* [WORK TO COMPLETE]: Could you transcribe exactly the lines below, from the line with "frozen water surface" through the line with "Sicherung und Weiterentwicklung", and nothing else, leaving out the pictures?

(Extracted data entries)
■ ■ ■

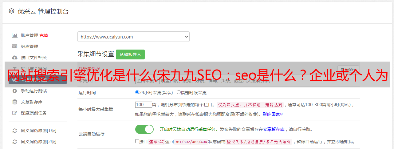 优采云 发布时间: 2021-10-03 06:00网站搜索引擎优化是什么(宋九九SEO:seo是什么?企业或个人为什么要做seo网站优化)
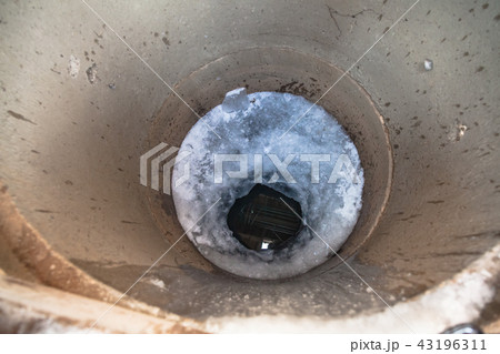 frozen water surface and ice hole in concrete well
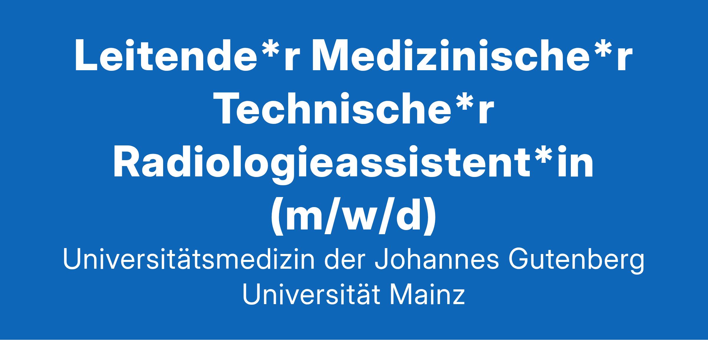 Sicherung und Weiterentwicklung der QualitätIhr Profil:Abgeschlossene Ausbildung als Medizinische*r Technische*r Radiologieassistent*in oder Medizinische*r Technologische*r Assistent*in (m/w/d)
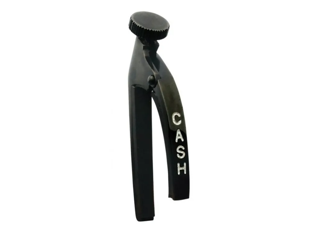 Kapodastr Johnny Cash Capo je vhodný pro kytary s plochým profilem krku. Mechanismus v podobě šnekového kola zajišťuje stabilitu ladění a snadnou manipulaci s kapodastrem, použitý materiál, tj. bronz, je zárukou trvanlivosti a dobrého sustainu strun. Části přicházející do styku s kytarou jsou opatřeny pogumovanou vrstvou tak, aby nemohlo dojít k poškození nástroje.
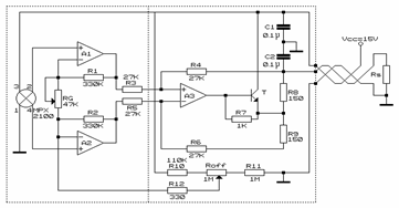 Circuitul este alimentat de la receptor cu o tensiune continua de 15 V. Senzorul se alimenteaza direct de la sursa de alimentare. Primul bloc este un amplificator diferential realizat cu A 1 si A 2. Conversia tensiune-curent se realizeaza cu un amplificator cu câstig unitar A 3 si tranzistorul T pentru amplificare în curent. Conectarea la primul bloc se face prin rezistentele R 3 si R 5. Pentru a asigura o buna rejectie de mod comun precum si liniaritatea circuitului este necesara sortarea rezistentelor R 3, R 4, R 5 si R 6 la aceeasi valoare. Pentru acelasi motiv este necesara si o buna împerechere a rezistentelor R 8 si R 9.
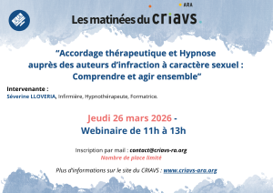 Webinaire : les matinées du CRIAVS : “Accordage thérapeutique et Hypnose auprès des auteurs d’infraction à caractère sexuel : Comprendre et agir ensemble” – Séverine LLOVERIA
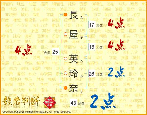 長(8画)屋(9画) 英(9画)玲(9画)奈(8画)
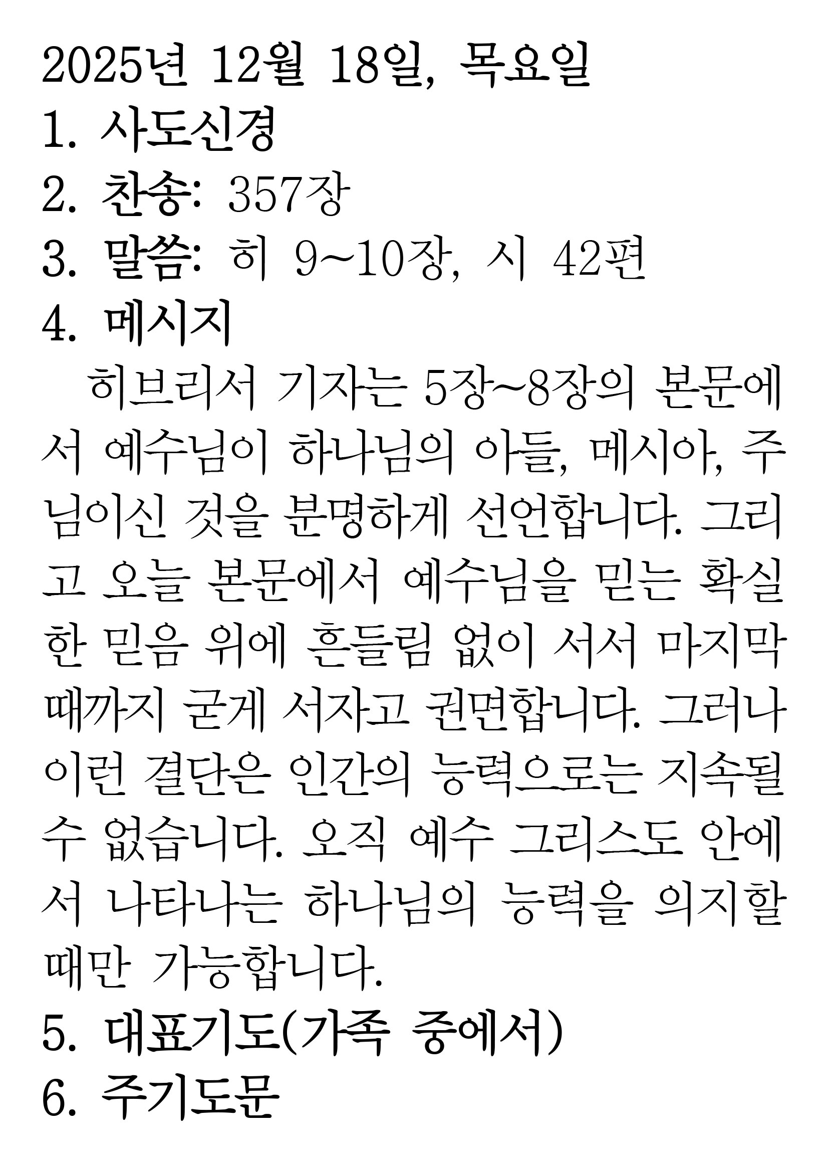 2025.12.18 (히브리서 9-10 시편 42편) 장석교회 0 2025.12.17 22:36 https://www.youtube.com/watch?v=MfUehLBH7tg + 0

■ ■ ■

* [WRITTEN ANSWER]:
 frozen water surface and ice hole in concrete well
 Sicherung und Weiterentwicklung der QualitätIhr Profil:Abgeschlossene Ausbildung als Medizinische*r Technische*r Radiologieassistent*in oder Medizinische*r Technologische*r Assistent*in (m/w/d)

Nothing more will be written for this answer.